In addition to studies focused on elucidating the structure, mechanism, and regulation of the mammalian mitochondrial ATP synthase, a major disease focus for many years has been cancer because of its well known alterations in energy metabolism. More recently, we have entered also into a study of heart dysfunction as the heart with every beat is totally dependent on energy metabolism, with the mitochondrial ATP synthase being intimately involved.

The laboratory uses chemistry, molecular biology, biophysics, immunology, tissue culture and animal models to better understand the energetics/energy metabolism of normal and pathological cells/tissues. A major focus is on the two “power plants”, the mitochondria and the glucose catabolic system, as well as on the interaction between these two systems. The following problems are being studied:

1) The mechanism and regulation of ATP synthesis in mammalian mitochondria.
This involves the study of the molecular properties of the ATP synthase complex that consists of two nano-motors both of which are necessary to make ATP. In a collaborative study we have obtained the 3-D structure of one of the motors and are now working on the structure of the whole complex that consists of 17 subunit types and over 30 total subunits.

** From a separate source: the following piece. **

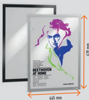
A2 (42,0×59,4 cm) # 5053
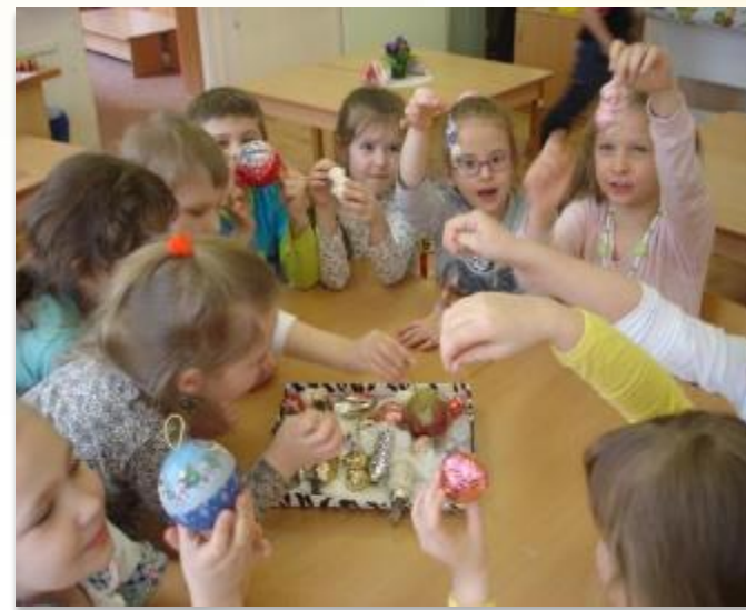
Коллекция елочных игрушек

Recently we discovered that the ATP synthase is in complex formation with the transport system (carrier) for phosphate and the transport system for adenine nucleotides (ADP and ATP). We have named this complex the “ATP Synthasome” and are now carrying out studies to obtain a 3-D structure of the whole complex. It is important to note that the ATP synthasome represents the terminal complex of oxidative phosphorylation in mitochondria and makes most of the ATP needed/day to supply our energy needs.

In addition to these structural studies we are developing a yeast system to study the rotary parts of the two motors contained within the ATP synthasome. Significantly, it is these two nano-motors that when coupled drive ATP formation from ADP and Pi. This work has implications for nano-technology of the future as one of the two motors is driven by an electrochemical gradient, while the other is driven by ATP hydrolysis.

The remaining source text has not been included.